◆ **WHAT THE TASK REQUIRES**
All lines from the opening of the material up to and including the line with "Wandmodell, eckig, 6500" should be transcribed exactly, pictures excepted.

◆ **PROVIDED RECORDS**
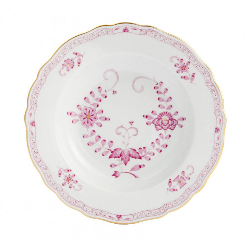 Suppenteller, Form "Neuer Ausschnitt", Indische Malerei 2, mit Kante, purpur, Goldpunkte, Goldrand, ø 22 cm
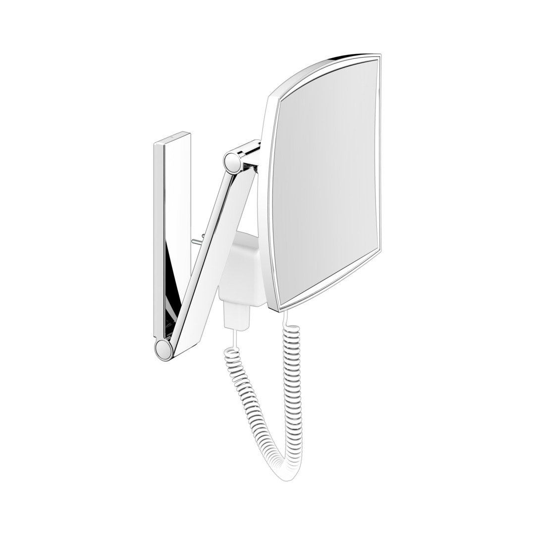 Wandmodell, eckig, 6500 Kelvin (Tageslicht), mit Spiralkabel (Blocklänge 400 mm) und Kabelschalter, an dreidimensional verstellbarem Schwenkarm, Spiegel einseitig, Vergrößerungsfaktor x 5, Bedienung über Kabelschalter, Stromversorgung: Netzanschluss über Steckernetzteil, 12 V Steckernetzteil, Eingangsbereich 220~240 V, Beleuchtung LED 7 Watt
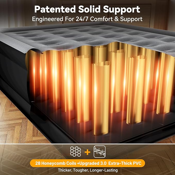 • 【2025 Upgraded Patented Coils & Structure Design–Covered By U.S. Patent NO. US012108880B2】The full size air mattress with built in pump features 28 internal coils in a honeycomb pattern, reinforced by composite mesh and fiber layers.This advanced structure distributes weight evenly across the 18" height, prevents sagging, and supports up to 660lbs without bottoming out
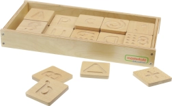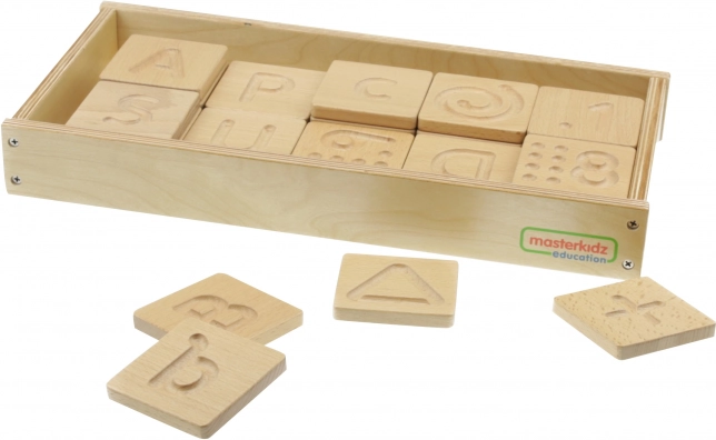 Drveni senzorički set Masterkidz edukativna je igračka koja pomaže djeci razvijati osjet dodira te uvježbavati poznavanje slova, brojeva i oblika.
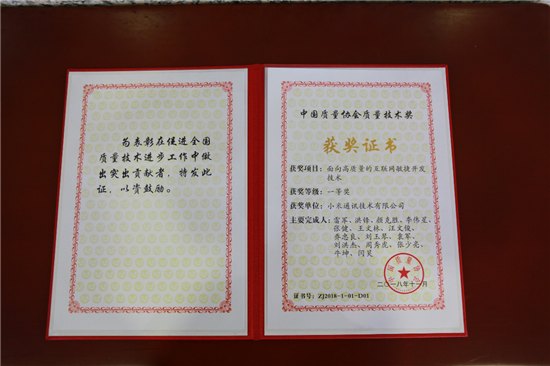 中國質(zhì)量協(xié)會(huì)授予小米“質(zhì)量技術(shù)獎(jiǎng)一等獎(jiǎng)”
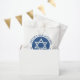 Favour bags for a bar mitzvah with a white star of David against a blue background. Personalise with name in an arch around the star.
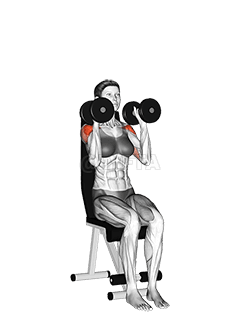 The Dumbbell Seated Shoulder Press is a strength-building exercise that primarily targets the deltoids, but also works the triceps and upper pectorals, aiding in the development of upper body muscle mass and overall shoulder stability. It's ideal for individuals of all fitness levels, from beginners to advanced athletes, looking to improve their upper body strength and definition. People may want to incorporate this exercise into their routine to enhance their physical performance in sports or daily activities, improve posture, or achieve a more toned and sculpted upper body appearance.
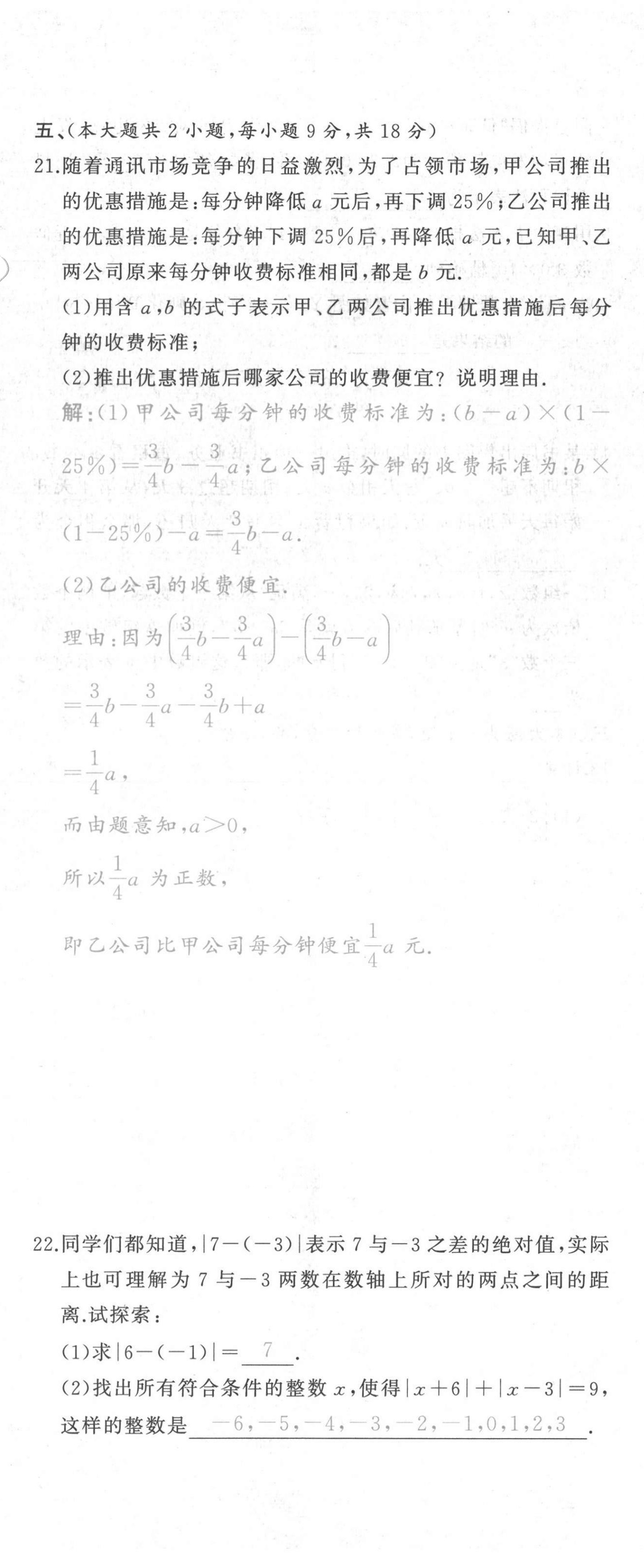 2021年A加优化作业本七年级数学上册人教版江西专版
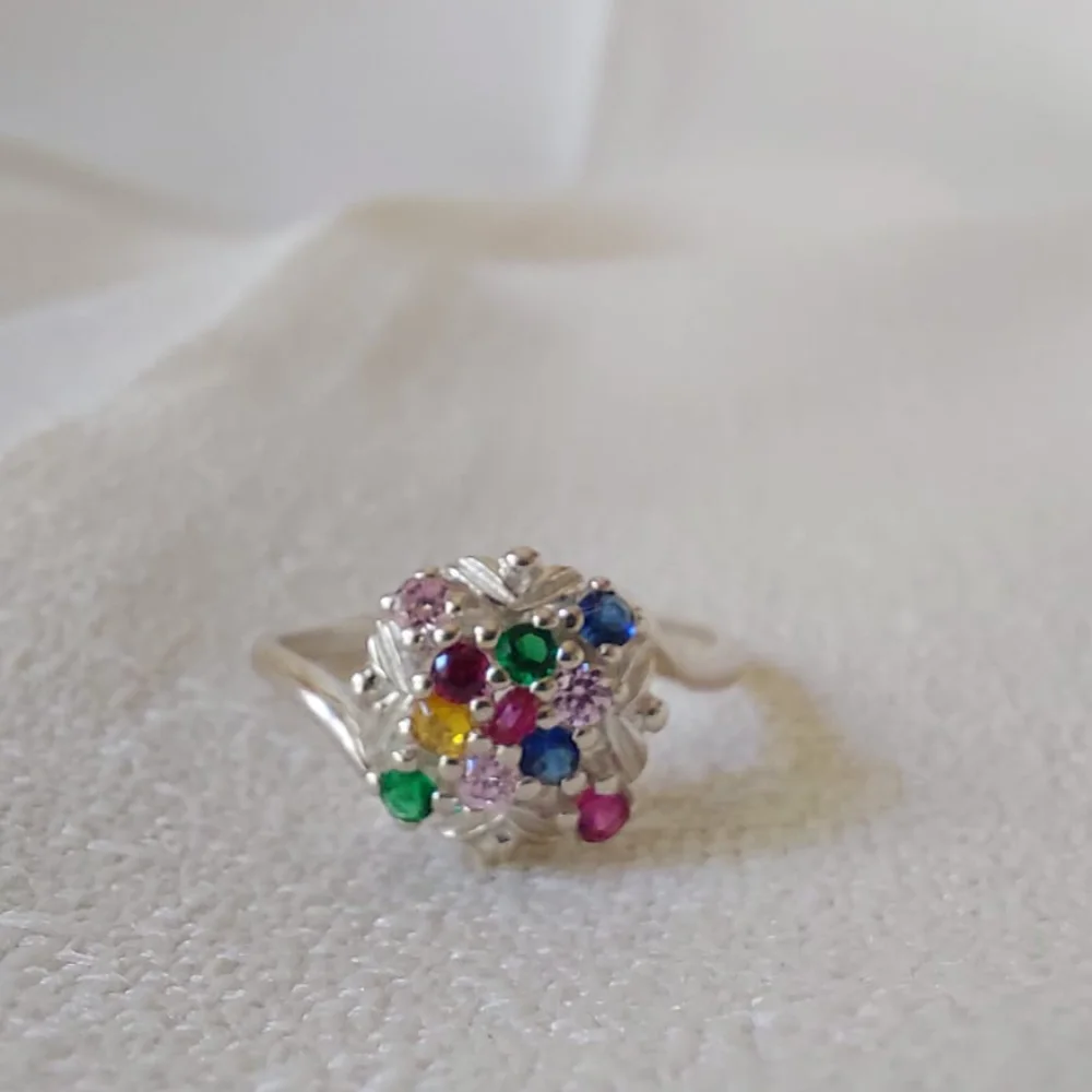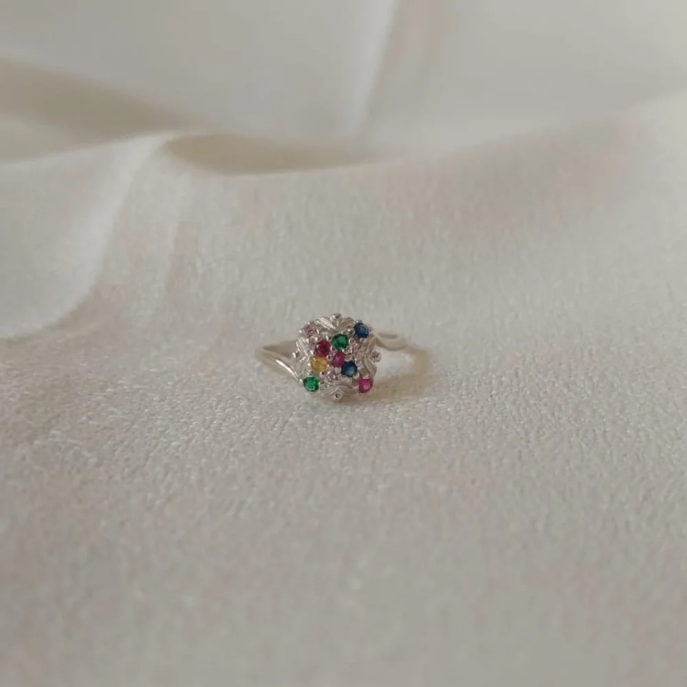 Elegante anillo de plata 925, cuidadosamente elaborado para resaltar su brillo natural. Este diseño incorpora piedras de colores vibrantes, perfectamente engastadas, que añaden un toque de sofisticación y alegría. Las piedras, de tonos variados que van desde el profundo azul zafiro hasta el Radiante verde esmeralda y el cálido rosa, reflejando la luz de manera espectacular, creando un juego de colores cautivador Ideal para cualquier ocasión, este anillo combina elegancia clásica con un estilo moderno, convirtiéndose en el accesorio perfecto para realzar tu look.
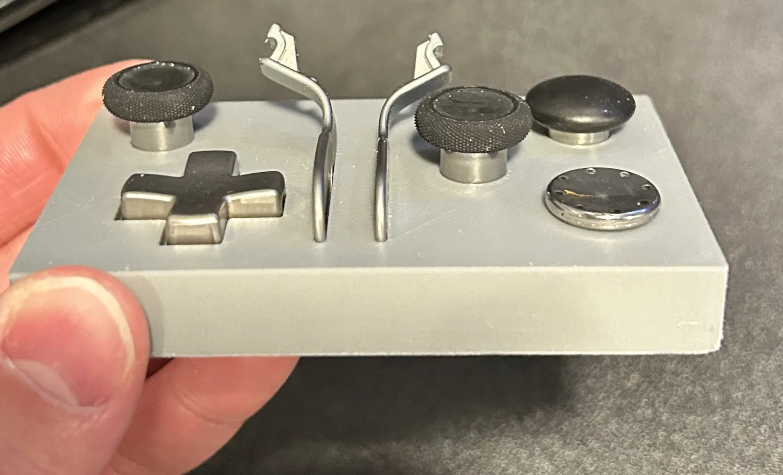 Một cái giá nhỏ để giữ D-pad và thumbsticks dự phòng, kèm khe cắm cho 2 rear triggers của Xbox Elite Controller (bản gốc). Giúp để phụ kiện gọn gàng, dễ lấy và khỏi thất lạc.
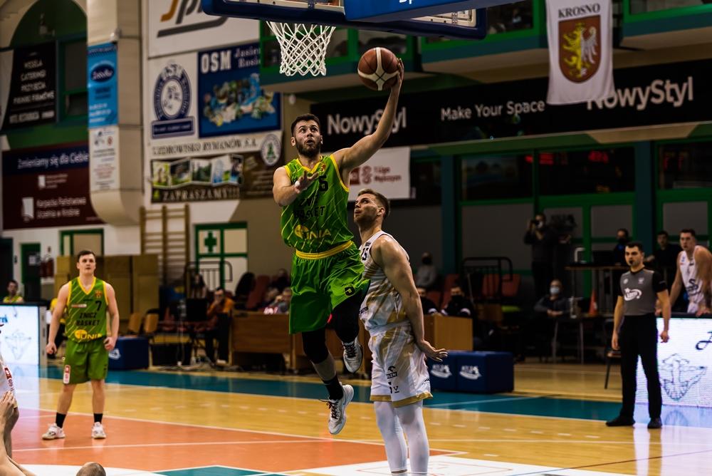 Fotogaleria zdjęć z meczu Suzuki 1 ligi mężczyzn w koszykówce mężczyzn pomiędzy Miastem Szkła Krosno a Elektrobud-Investment Zniczem Basket Pruszków. Podkarpacki zespół przegrał 73-80.
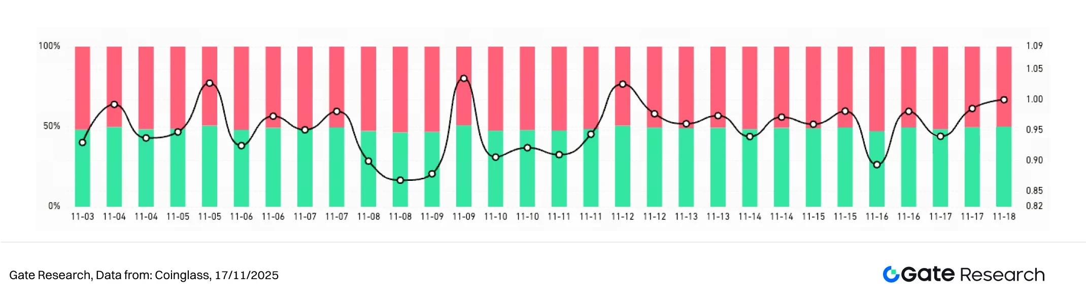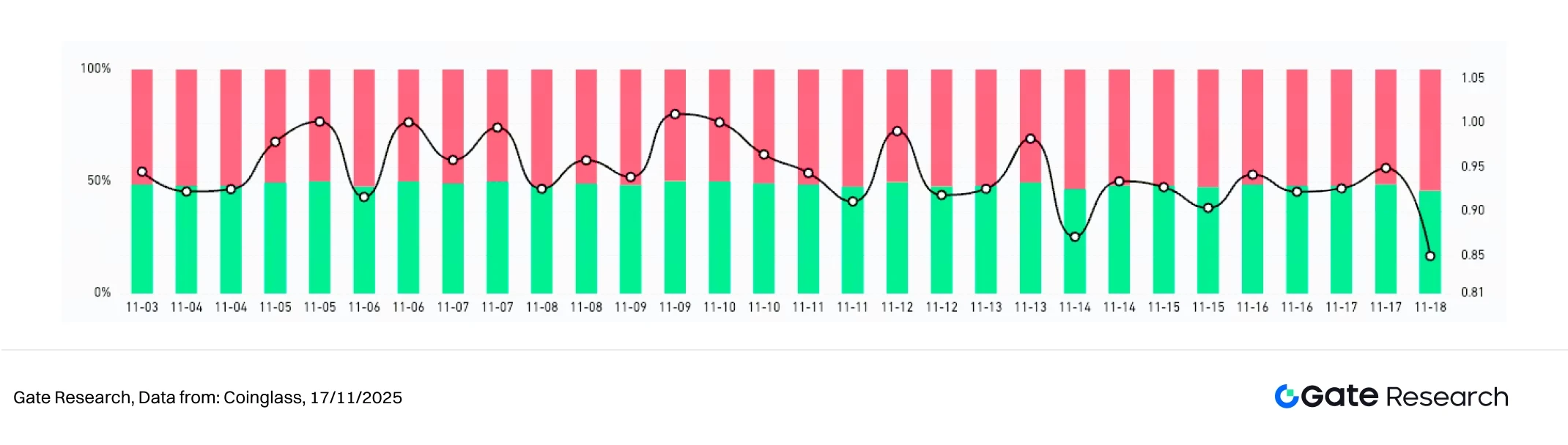 According to Coinglass data, from November 4th to November 17th, the long/short trading volume ratio (LSR) of BTC and ETH fluctuated narrowly around 1, indicating that market sentiment continued to struggle in a weak market, and funds did not form a unified direction. [5]

◆ **SOLUTION TO THE PROBLEM**
 Suppenteller, Form "Neuer Ausschnitt", Indische Malerei 2, mit Kante, purpur, Goldpunkte, Goldrand, ø 22 cm
 Wandmodell, eckig, 6500 Kelvin (Tageslicht), mit Spiralkabel (Blocklänge 400 mm) und Kabelschalter, an dreidimensional verstellbarem Schwenkarm, Spiegel einseitig, Vergrößerungsfaktor x 5, Bedienung über Kabelschalter, Stromversorgung: Netzanschluss über Steckernetzteil, 12 V Steckernetzteil, Eingangsbereich 220~240 V, Beleuchtung LED 7 Watt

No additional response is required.